From September 17 to 22, the third-floor Gallery 1 at Insa Art Center hosted sculptor Choo Eun-young’s solo exhibition Ataraxia. Borrowing its title from Greek philosophy, the show reimagined the concept of inner tranquility as an aesthetic and structural language.
“Ataraxia,” Choo explains, “is a state of calm beyond the turbulence of desire. Desire drives humanity forward, yet it also creates conflict and destruction. My focus is on how that energy can be restructured and transformed into balance.”

At the heart of her practice lies a motif she has carried for over two decades: the frog. First appearing in 2003 as kinetic wooden sculptures, the frog has since evolved into refined, static forms. “The frog leaps and writhes — much like human desire. In this exhibition, however, I sealed that vitality within form. It’s tension contained inside tranquility.”
What begins as an animal figure extends into psychological and social allegory.
Desire as both engine of progress and root of anxiety applies not only to individuals but to science, society, and history itself.
Choo cites the black hole and the climate crisis as metaphors: “A black hole devours everything until nothing remains. Climate change, too, is the result of human desire turned against us.”
Her interdisciplinary approach reflects a studio overflowing with books, notes, and newspaper clippings. “Art is a way of structuring thought three-dimensionally,” she says. “As I carve wood or weld metal, I read and expand my thinking. My studio is both a workshop and a laboratory of ideas.”

The sculptures resist polish.

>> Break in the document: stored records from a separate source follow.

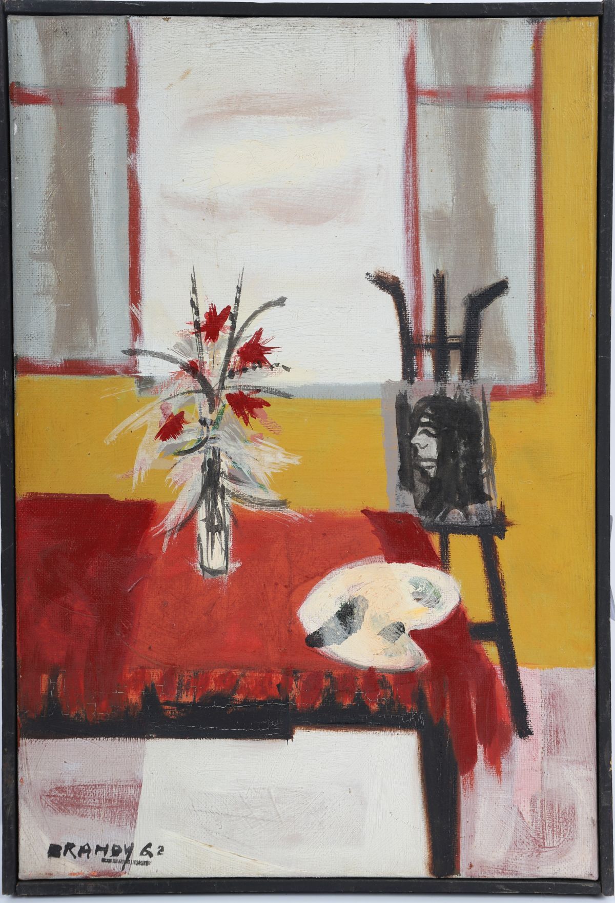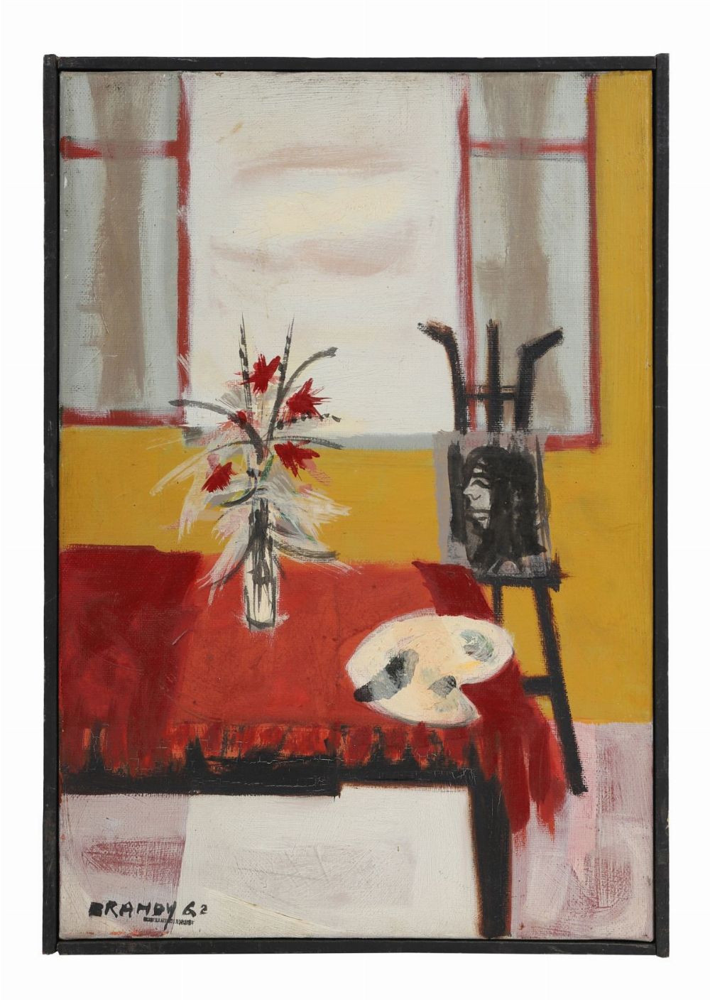 Oil on canvas depicting an artist’s studio interior with vase of flowers, painter’s palette, and portrait on an easel. Signed and dated ‘62 lower left. Presented in a simple black frame.
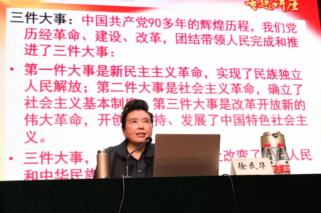中心举行。江苏省委党校二级教授、江苏省委党的十九大精神宣讲团成员徐民华,应邀作题为《新时代中国共产党的历史使命》的专题报告。全体在校师生党员和党建班学员近400人参加学习会。学习会由副院长王兴亮主持。
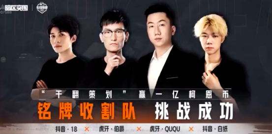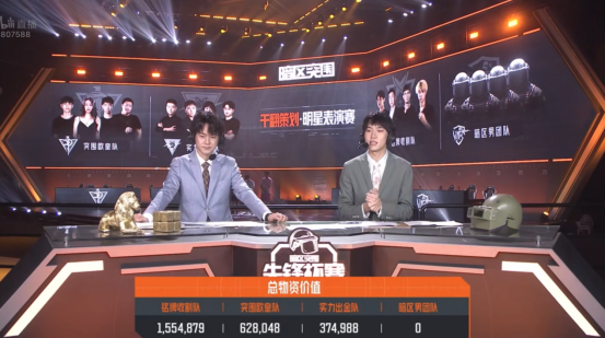 最终,主播队中的铭牌收割队,不仅成功干翻策划,让策划队以两场携带总物资价值0的“耻辱”战绩结束游戏,还以155W+的奢华分数赢下了这场巅峰对决!
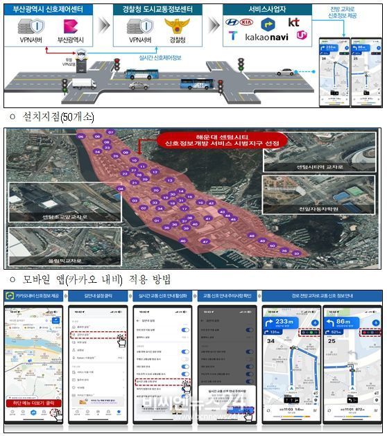 먼저, '실시간 신호정보 개방' 기반(인프라)을 구축해 센텀지구 일원에서 내비게이션을 통해 실시간 신호정보 확인이 가능해진다.
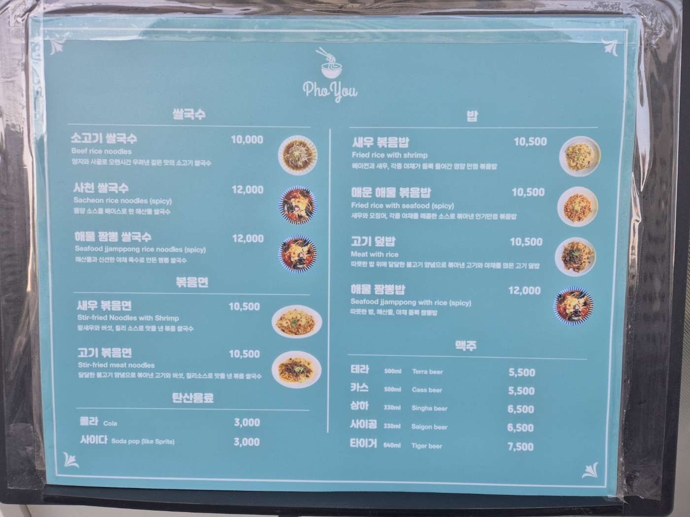 해물짬뽕쌀국수 12,000 | 소고기 쌀국수 10,000 | 사천 쌀국수 12,000 | 새우 볶음밥 10,500 | 매운 해물 볶음밥 10,500 | 새우볶음면 10,500 | 고기볶음면 10,500 | 고기덮밥 10,500
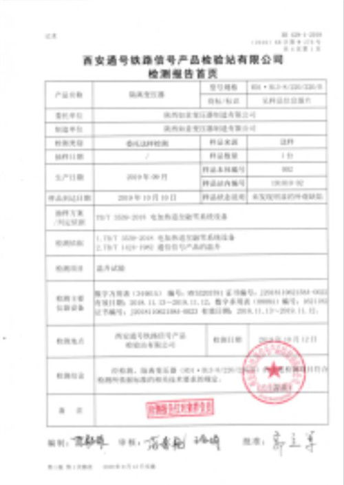 依照新鐵標(biāo)TB/T3539-2018標(biāo)準(zhǔn),公司委托西安通號鐵路信號產(chǎn)品檢驗站,對公司生產(chǎn)RD1型、RDD型、RDD1型、BD型、TYDR型隔離變做第三方檢測。常溫性能實驗(容量、效率、空載電流、瞬態(tài)特性、絕緣電阻、絕緣耐壓、斷路器、接線端子、外觀),防塵放水試驗,震動試驗,溫升試驗等檢測,達(dá)到行業(yè)標(biāo)準(zhǔn)。(附檢測報告)
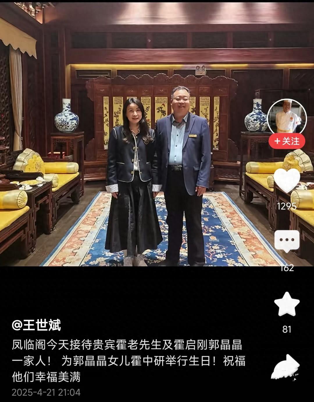 郭晶晶在鳳臨閣給長女慶生,她素顏端莊太有主母範,霍震霆也陪同
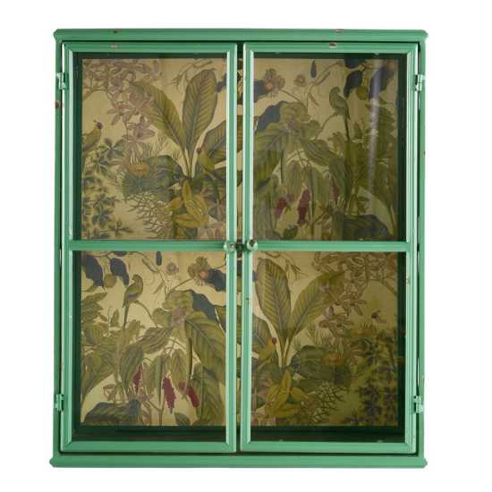 En ce qui concerne cette étagère, vous pouvez difficilement faire fausse route, avec sa structure en métal vieilli, son coloris vert, ses portes en verre et surtout son fond à l’imprimé feuillage.
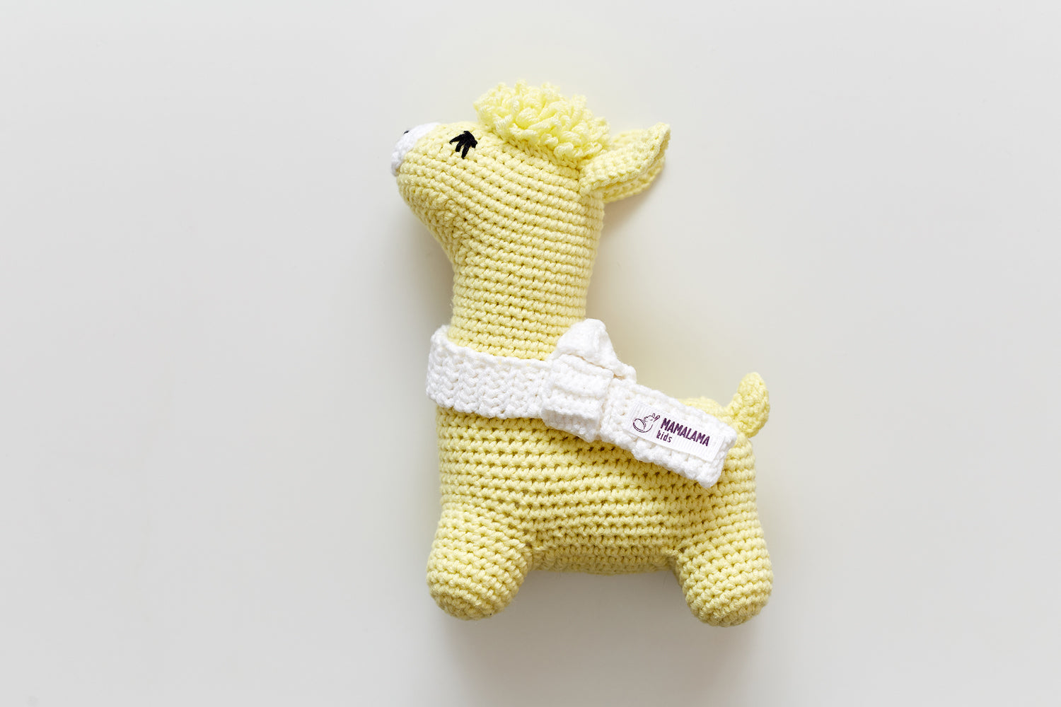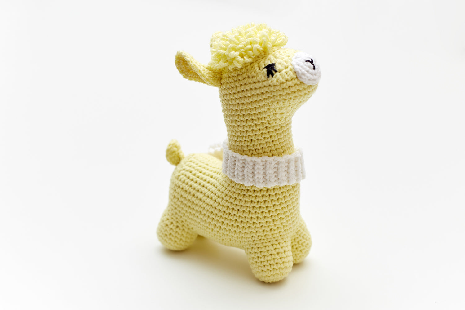 The toy is 16 cm (6.29 inch) high. Just perfect size for play, joy and decor. The toy and the booties are hand crocheted of the baby cotton yarn so are suitable even for newborns as a toy or teether.
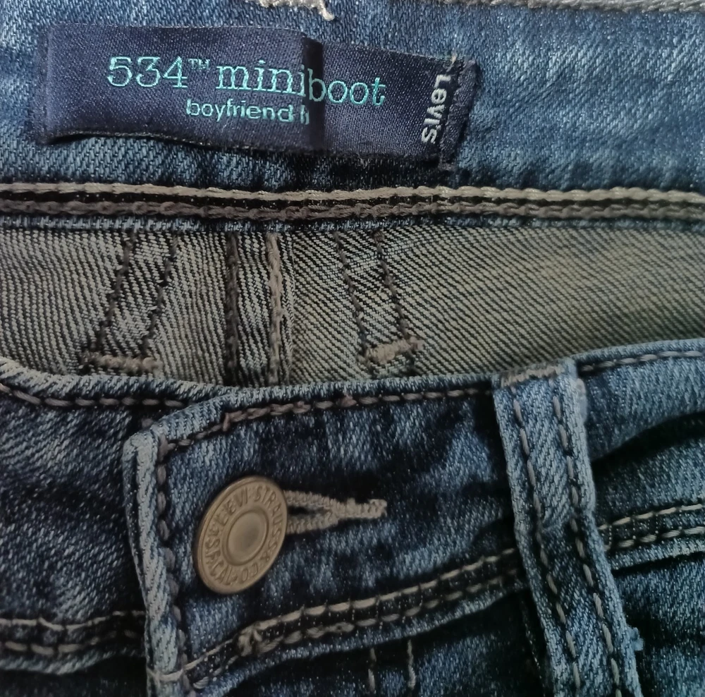 The product is a pair of Levi's 534 Women's Bootcut Jeans in a medium wash with a low rise. They are a size 5 with a waist size of 30 inches and inseam length of 30 inches. Made from a cotton blend denim fabric, these jeans feature a zip and button closure and have stretch for added comfort. The design includes Levi's logo accents and falls under the regular fit category. Perfect for a casual and stylish look, these jeans are a versatile addition to any wardrobe.

Metal textures, wood grains, and deliberate rough traces suggest that desire can never be fully erased. Calmness here is not pure absence but a state of balance that holds tension within.
Viewers are invited to become participants rather than passive observers. The works do not dictate meaning but awaken personal memories of desire, anxiety, or peace — what Choo calls “ataraxia as experience.”
Her public-facing ethos underscores this approach. “Art is not a taxidermied object but a medium of dialogue,” she insists, designing exhibitions as immersive structures that encourage audiences to walk, breathe, and reflect within them.

Ultimately, Ataraxia embodies Choo’s enduring question: how can opposing forces of desire and tranquility be given form?
The sculptures become more than material objects; they are psychological landscapes and metaphoric devices of their time. Standing before them, one steps briefly into a structure of stillness where desire is momentarily suspended.
Choo Eun-young received her BFA and PhD in Sculpture from Hongik University.